Because I like to add other people’s wisdom to my ramblings from time to time, allow me to share an excerpt from Joel Salatin’s most recent book titled, The Marvelous Pigness of Pigs (a bizarre title for a book that has little to say about pigs). Here we go:

“Americans fear food….   Why? Because too many of us don’t know anything about it. The official policy of the government food police at the FDA and USDA is to fear food. Why? Because industrial food is a scary thing.

Campylobacter, listeria, salmonella, E. coli, bovine spongiform encephalopathy. This is a brand new lexicon that has only come into common use in the last couple of decades.

Likewise, I never knew anyone who had food allergies. Now we have gluten problems, leaky gut syndrome, type 2 diabetes, and a runaway obesity epidemic. We’re overfed and undernourished. The USDA began telling us what to eat after World War II: hydrogenated fats, carbohydrates, margarine. Meanwhile, big food manufacturers loved that we were exiting the kitchen and giving them proxy status over our menus.

With the kitchen sufficiently demonized as a place where losers and under-achieving non-career women served, a broad food ignorance spread across the landscape. Economic wealth with rising incomes enabled the annual special meal out to morph into daily fast food and processed food service. Devoid of culinary artistry, the kitchen became simply a place to heat up TV dinners. Indeed, no society has ever had the luxury of abdicating a relationship with food this profoundly.

Gone were the nuances about taste, texture, and odor. Neat microwavable packaging with additives to stabilize, sterilize, and sanitize replaced the whole potato, the oven-cooked pot roast, and scratch baking. In food processing, chlorine became the chemical of choice as produce and meat became filthier coming from industrial farms with faster harvesting and growing techniques. Fecal contamination could be sterilized with enough chlorine, and it is used liberally today. Pink slime in ground beef, along with cheap fillers, created a whole new type of food.

Soft drinks replaced whole raw milk. Twinkies replace fried eggs and bacon. Packaged whole meals in Styrofoam clamshells replaced domestic culinary arts. Food was no longer prepared, processed, packaged, and preserved in the home. Those domestic skills were farmed out to professional food manufacturers with laboratories, high fructose corn syrup, monosodium glutamate, and a host of more unpronounceable terms. As American culture unleashed itself from an ecological umbilical, we became profoundly ignorant and began fearing the unknown.”

I don’t necessarily take to everything Joel has to say in his writings, but the above diatribe hits the nail on the head. We all have a tendency to distrust or fear something we know little or nothing about, don’t we?

How do we get over our fears? I would suggest food fears are like any other aspect of things we’re unsure about. Practice. Practice food craft. We touch it, smell it, examine it, read about it, and prepare it. We embrace a physical partnership with our food.

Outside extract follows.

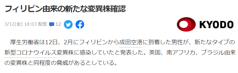 據日本共同社報道,日本厚生勞動省12日發布消息稱,2月從菲律賓抵達日本成田機場的一名60歲男性感染變異新冠病毒。

Here at Freedom Acres, we faced the similar fears and misgivings whenever we considered adding additional enterprises to our farm to create a viable business. Whether it was producing all-grass dairy, 100% grass-fed grass-finished beef, pastured chicken (and turkey), pastured hogs – and now again raising hogs in woodlots. I am always skeptical of the nuts and bolts of it, and always harbor a fear of failure to an extent. But I have found that if we forge ahead on a small scale – for a degree of safety – many of our qualms turn out to be far less formidable than we envisioned them. Of course we have made mistakes – and still do, but the mistakes usually turn out to be the things we learn best to avoid in the future. As the old adage says, experience is the best teacher.

We believe a sense of fulfillment and empowerment follows when we grasp the challenge of the unknown, study the risk, yes; but forge ahead with the knowledge we have at the moment and learn as we go.